(Information supplied)

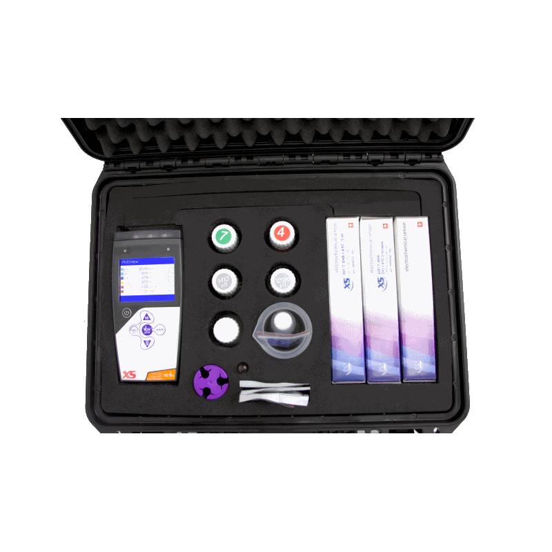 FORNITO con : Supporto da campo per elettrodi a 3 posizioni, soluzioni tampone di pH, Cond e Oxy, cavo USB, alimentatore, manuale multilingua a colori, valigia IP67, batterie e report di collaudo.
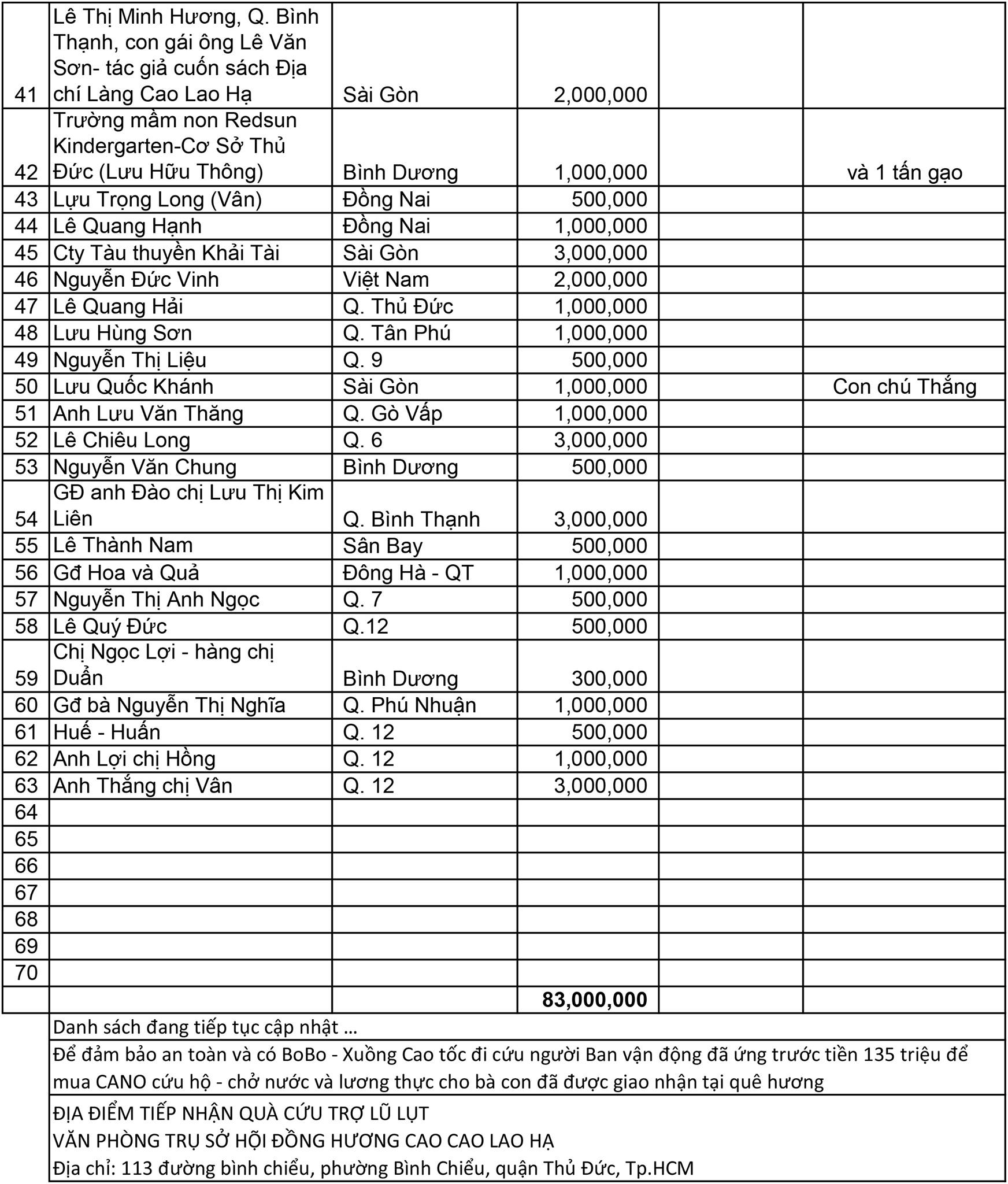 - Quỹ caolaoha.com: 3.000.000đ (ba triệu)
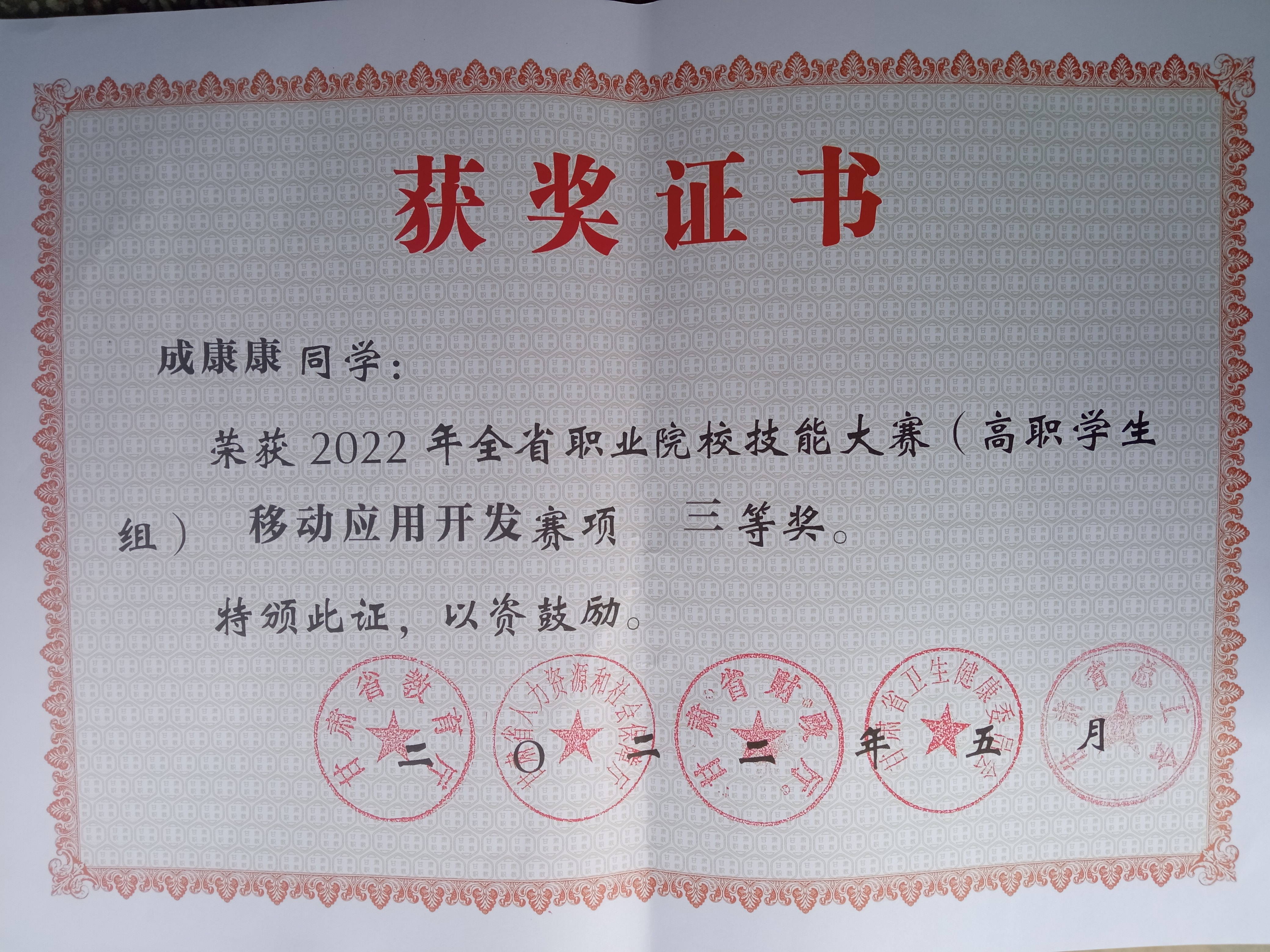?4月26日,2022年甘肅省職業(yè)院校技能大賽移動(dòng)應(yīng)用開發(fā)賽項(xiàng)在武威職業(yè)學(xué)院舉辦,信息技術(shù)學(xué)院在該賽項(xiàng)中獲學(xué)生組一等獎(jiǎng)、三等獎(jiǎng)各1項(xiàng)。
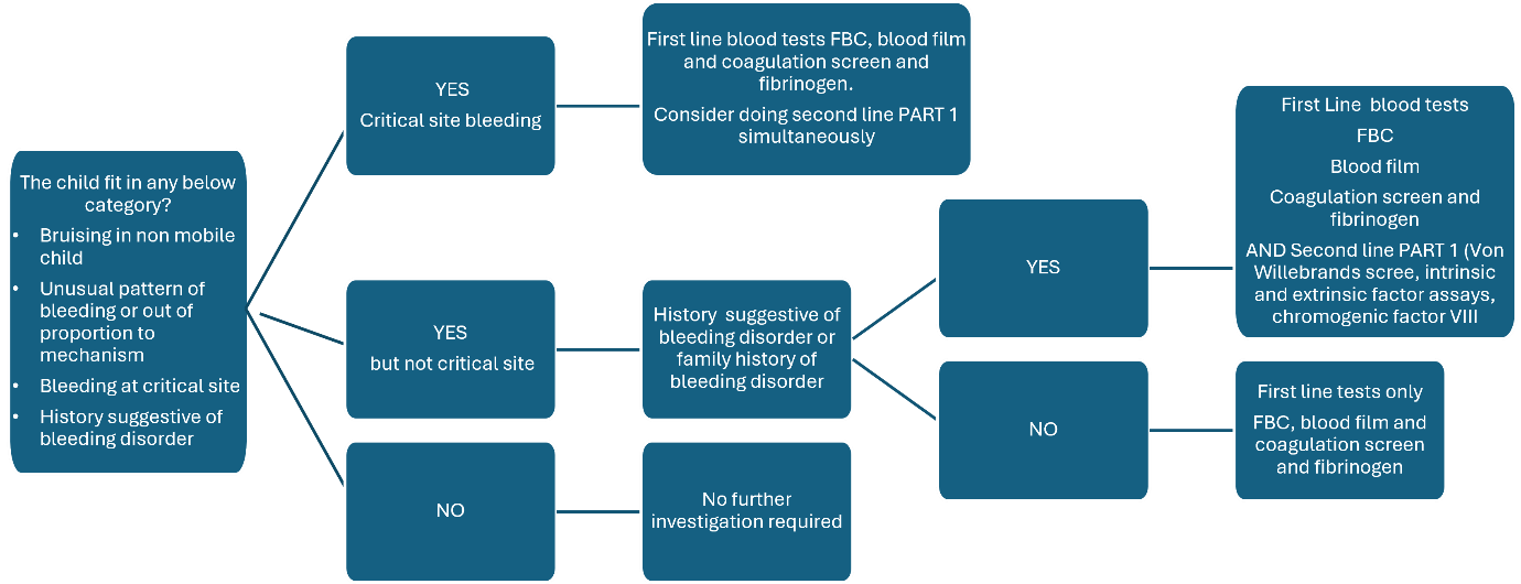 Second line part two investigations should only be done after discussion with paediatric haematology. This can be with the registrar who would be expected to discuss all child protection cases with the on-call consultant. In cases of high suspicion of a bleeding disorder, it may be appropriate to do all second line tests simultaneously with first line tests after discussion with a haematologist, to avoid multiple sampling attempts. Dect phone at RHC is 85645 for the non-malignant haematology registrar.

(End Information supplied)

Work order
When you reach an image, pass over it, and retype all other material exactly.

Exercise response
 FORNITO con : Supporto da campo per elettrodi a 3 posizioni, soluzioni tampone di pH, Cond e Oxy, cavo USB, alimentatore, manuale multilingua a colori, valigia IP67, batterie e report di collaudo.
 - Quỹ caolaoha.com: 3.000.000đ (ba triệu)
?4月26日,2022年甘肅省職業(yè)院校技能大賽移動(dòng)應(yīng)用開發(fā)賽項(xiàng)在武威職業(yè)學(xué)院舉辦,信息技術(shù)學(xué)院在該賽項(xiàng)中獲學(xué)生組一等獎(jiǎng)、三等獎(jiǎng)各1項(xiàng)。
 Second line part two investigations should only be done after discussion with paediatric haematology. This can be with the registrar who would be expected to discuss all child protection cases with the on-call consultant. In cases of high suspicion of a bleeding disorder, it may be appropriate to do all second line tests simultaneously with first line tests after discussion with a haematologist, to avoid multiple sampling attempts. Dect phone at RHC is 85645 for the non-malignant haematology registrar.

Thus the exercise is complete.